Этический выбор литературного поколения 60-х
Рефераты >> Литература >> Этический выбор литературного поколения 60-х

Такая оптимизация действительности дошла до того, что кто-то предложил создать единый текст советской прозы, этакую программу обучения старых и младых. К счастью, эта идея зависла в воздухе. В 70 – 80-е годы в противовес таким желаниям возникла арлекиада как средство против обывательского застоя и натужной героизации. Можно заметить, что веселье почти всегда царит над руинами, как пир во время чумы. О Франсуа Рабле когда-то восторженно писали, что особым признаком его гениального творчества была принципиальная неофициальность: то есть отсутствие догматизма и авторитарности. Но все эти перечисленные достоинства перечеркивались последующей грустной фразой: «Отсюда – особое одиночество Рабле в последующих веках» (10,4).

Одиночество в веках, пожалуй, страшное наказание. Жители нашего века подобны неблагодарностью своим предшественникам. Многие до сих пор не смогли оценить доступную, легкую, изящную прозу Довлатова. То ли по неведению, то ли по застаревшим рефлексам быть обучаемыми, то ли из-за невозможности отвлечься от мифов и лжи парадника Третьего Рима. Когда-то Фридрих Ницше писал о несчастье ясных писателей в том, что их считают простыми и плоскими. Читатели не желают возиться с мыслью, выданной им «без боя», они предпочитают трудиться над головоломками неясных и наслаждаться радостью собственного усердия. «Сложный» автор очень эгоистичен, так как заставляет нас бесконечно думать о нем, следить за этапами его мысли, за тайнами и загадками его произведений. Рано или поздно процесс чтения превращается в интеллектуальную битву двух сознаний, причем ясно, чьей победой она закончится. Читатель будет еще долго капитулировать перед текстом, возвращаясь и возвращаясь к нему. Довлатов более милосердно, нежели мудро, подошел к своему творчеству. Привычный делать щедрые подарки, он отдает себя ненавязчиво и нежно. Он похож на виртуозного пианиста, который своим исполнением сумел нас заставит забыть автора. Сумел рассказать чужие истории, как свои. И мы упиваемся игрой и лицедейством, забыв о себе, о времени, о нем, а только думая о жизни, как бытовании его, времени, нас и необъятного мира.
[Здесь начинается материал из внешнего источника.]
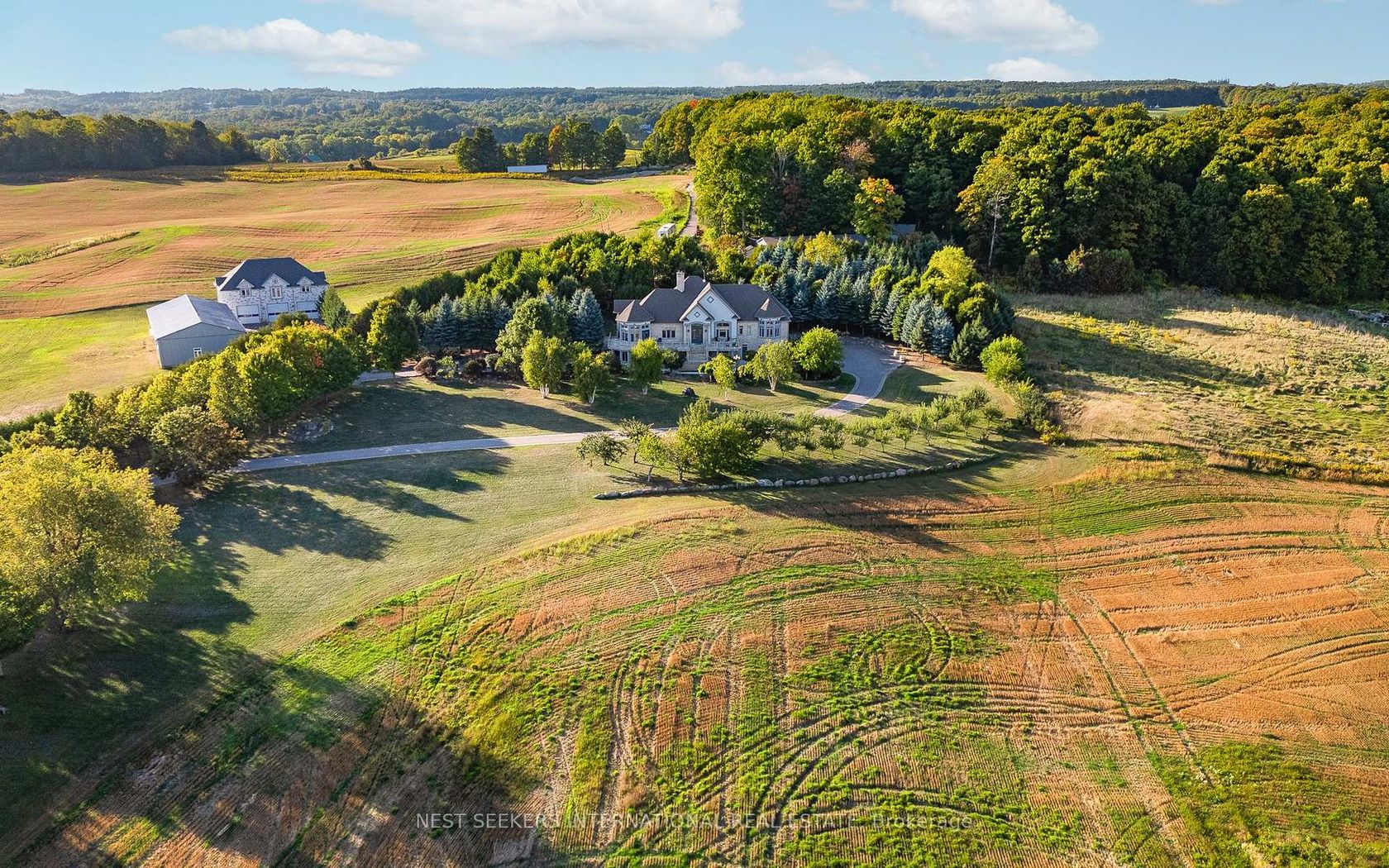 Welcome to 3722 The Grange Side Rd a truly exceptional 84-acre country estate offering privacy, beauty, and endless potential. A long, tree-lined driveway leads you through picturesque farmland to an impressive natural stone bungalow, thoughtfully positioned to take in the surrounding views. APPROXIAMETLY 84 ACRES and approximately 55 workable acres, gently rolling terrain, and a peaceful pond near the entrance, this property is ideal for farming, a home-based business, or multigenerational living. The main residence showcases quality craftsmanship, spacious interiors, and a layout that offers three potential living areas, perfect for extended families or flexible use. A standout feature is the detached, stone-fronted and steel-clad workshop/garage, featuring Three oversized 12-foot bays, a full four-piece bathroom, and an expansive 2,200 sq ft upper loft that includes three additional bedrooms and two bathrooms. The additional steel garage features 4 oversized garage doors. Also includes secondary workshop/ shed on property Whether you're an entrepreneur seeking space for a business, a hobbyist in need of storage, or a family looking for extra room to grow, this estate delivers unmatched versatility. The land is rich with opportunity, from agriculture to recreation or future expansion. Located in a serene rural setting yet within a convenient drive to nearby towns and amenities, this is your chance to own a signature property that combines natural beauty with practical living.

«Художник и его свита должны идти в ногу,» - сказал мудрый. Творящий элитарно ставит своей целью вызывать на битву избранных и лучших. В неравном соперничестве побеждать их в веках и чувствовать себя Гением. Лев Лосев писал о том, что Довлатов был всегда слишком профессионален, чтобы гениальничать. Профессионализм делать жизнь простой и доступной превосходит усложнившую мир гениальность во много раз. Известно, что Довлатов писал с черновиком не только письма, но даже записки в два слова. Написать ясно и просто гораздо сложнее, чем запутанно и туманно. Он, большой и широкий телом своим, подтверждал древнее учение о калокагатии – гармоничном сочетании физических и духовных качеств человека. Kalos - «красивый», agatho – «добрый» /в большей степени добрый, нежели большой и красивый/. Как воплощение любви русских ко всему «в широком размере, все что ни есть: и горы, и леса, и степи, и лица, и губы, и ноги» (25,84) разве мог Довлатов вызвать кого бы то ни было на интеллектуальную дуэль? Он мог лишь вторить за Чеховым, Лесковым, Зощенко то, что фраза у него короткая, доступная бедным. Довлатов, как по древней легенде, послал глупцам земным блага для того, «чтобы мудрецам было ведомо, что земные блага обретаются не умом и знаниями, а чем-то другим» (Насреддин).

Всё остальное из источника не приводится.